В то же время русская сторона старалась действовать предельно лояльным образом, с честью выполняя свои союзнические обязательства. Достаточно привести лишь один пример. В 1915 году группа радикальных индийских националистов, эмигрировавших со своей родины, создала в Кабуле так называемое временное правительство Индии, поставив целью изгнание англичан. Этим «правительством» была послана миссия в Ташкент, которая по прибытии предъявила письма императору Николаю II и генерал-губернатору Туркестана с просьбой о помощи и союзе. Русским не пришло в голову как-то использовать выпавший шанс для шантажа и закулисного давления на британцев. Миссия была выдана англичанам в Персии[200]. Можно сравнить этот факт с тайными совещаниями членов думской делегации 1916 года со своими английскими хозяевами, намечавшими переворот в России в пользу своих ставленников.
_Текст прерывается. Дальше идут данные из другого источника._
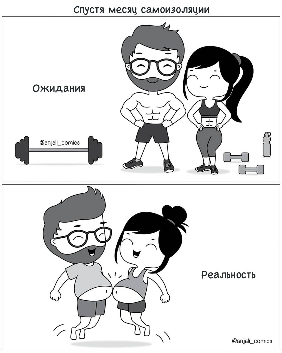 В период самоизоляции мы стали проводить в разы больше времени наедине друг с другом. Согласно статистике увеличивается количество семейных скандалов и случаев насилия на бытовой почве. Чтобы этого не происходило, относитесь друг к другу снисходительнее, ищите компромиссы, радуйте и не уставайте удивлять - как это делают персонажи комиксов художницы из Индии @anjali_comics В отношениях проявляйте оригинальность и всю свою изобретательность: Если от выходных остались приятные воспоминания, они будут заряжать вас всю предстоящую рабочую неделю. Немного милоты: Интересно, каким бы был финал комикса (ниже), если бы парнишка не угадал с ответом?)) Твой парень сделал фотку, на которой ты блистаешь словно модель с глянцевого журнала? Нееет. Не бывает такого))) Ну с кем подобное не случалось? Приснилось, что твоя любимая половинка устраивает свидания и крутит шашни с другой девкой. Вроде бы проснулась, а злость и отвращение к этому "кабелю" еще остались ))) Не забывайте, что все мы не идеальны

Точно так же действовали и американцы, чье политическое руководство вроде бы сквозь пальцы взирало на размещение русских военных заказов в США, но вместе с тем контролировало объем этих заказов. Бесспорно, американская помощь Российской империи строго дозировалась. Такой подход вызывался как традиционной русофобией американской администрации и ее глав с конца девятнадцатого века, так и давлением определенных финансово-промышленных кругов США, недовольных внутренней политикой в России. Но, главное, это геополитические причины, имевшие в своей основе экспансию на планете американского экономического гиганта, что отчетливо сознавали в Вашингтоне: «Вся [внешнеполитическая] схема американцев была основана на стремлении помирить Англию с Германией, чтобы не допустить доминирования царской России на огромном евразийском пространстве и усиления на европейском континенте роли Франции. В послевоенной Европе, где лидерами становились Россия и Франция, президент Вильсон не видел достойного места для своей страны»[201].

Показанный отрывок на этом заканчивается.